Data provided:
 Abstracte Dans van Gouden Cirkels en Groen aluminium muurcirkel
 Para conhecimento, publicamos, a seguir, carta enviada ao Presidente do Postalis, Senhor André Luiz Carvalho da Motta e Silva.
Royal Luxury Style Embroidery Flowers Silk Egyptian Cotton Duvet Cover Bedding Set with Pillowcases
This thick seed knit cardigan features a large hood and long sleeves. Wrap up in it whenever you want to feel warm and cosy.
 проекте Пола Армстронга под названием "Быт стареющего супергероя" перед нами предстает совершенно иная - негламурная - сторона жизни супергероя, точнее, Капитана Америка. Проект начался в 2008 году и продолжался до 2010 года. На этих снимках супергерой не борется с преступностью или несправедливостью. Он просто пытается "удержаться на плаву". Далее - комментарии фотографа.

---

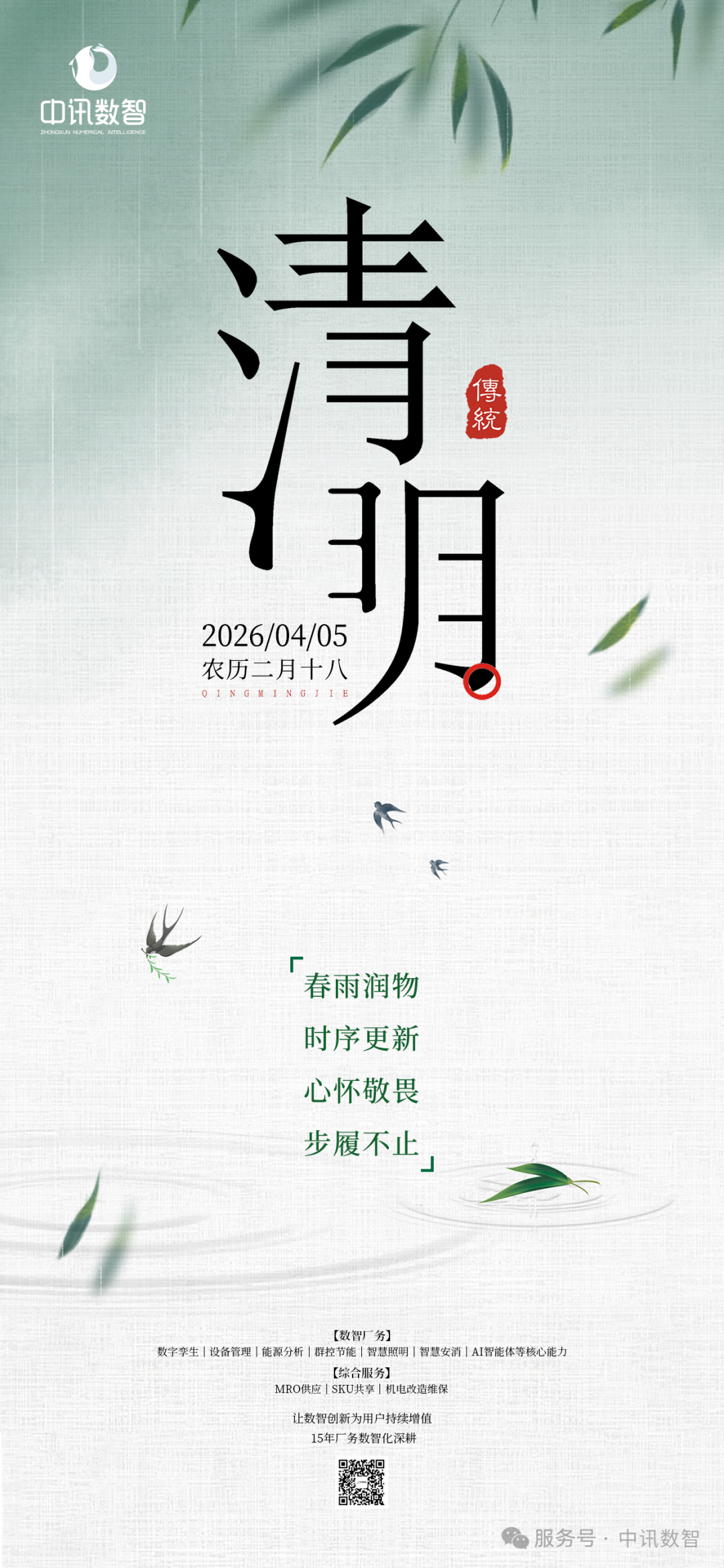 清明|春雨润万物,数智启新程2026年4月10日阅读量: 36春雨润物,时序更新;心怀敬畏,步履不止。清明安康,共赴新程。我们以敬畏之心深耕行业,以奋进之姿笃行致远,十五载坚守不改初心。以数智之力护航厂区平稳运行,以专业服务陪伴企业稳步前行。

Work item:
Each line above from the one with "This thick seed" up to and including the one with "проекте Пола Армстронга" must be set down exactly, and no line outside that span may appear.

Response to this task:
This thick seed knit cardigan features a large hood and long sleeves. Wrap up in it whenever you want to feel warm and cosy.
 проекте Пола Армстронга под названием "Быт стареющего супергероя" перед нами предстает совершенно иная - негламурная - сторона жизни супергероя, точнее, Капитана Америка. Проект начался в 2008 году и продолжался до 2010 года. На этих снимках супергерой не борется с преступностью или несправедливостью. Он просто пытается "удержаться на плаву". Далее - комментарии фотографа.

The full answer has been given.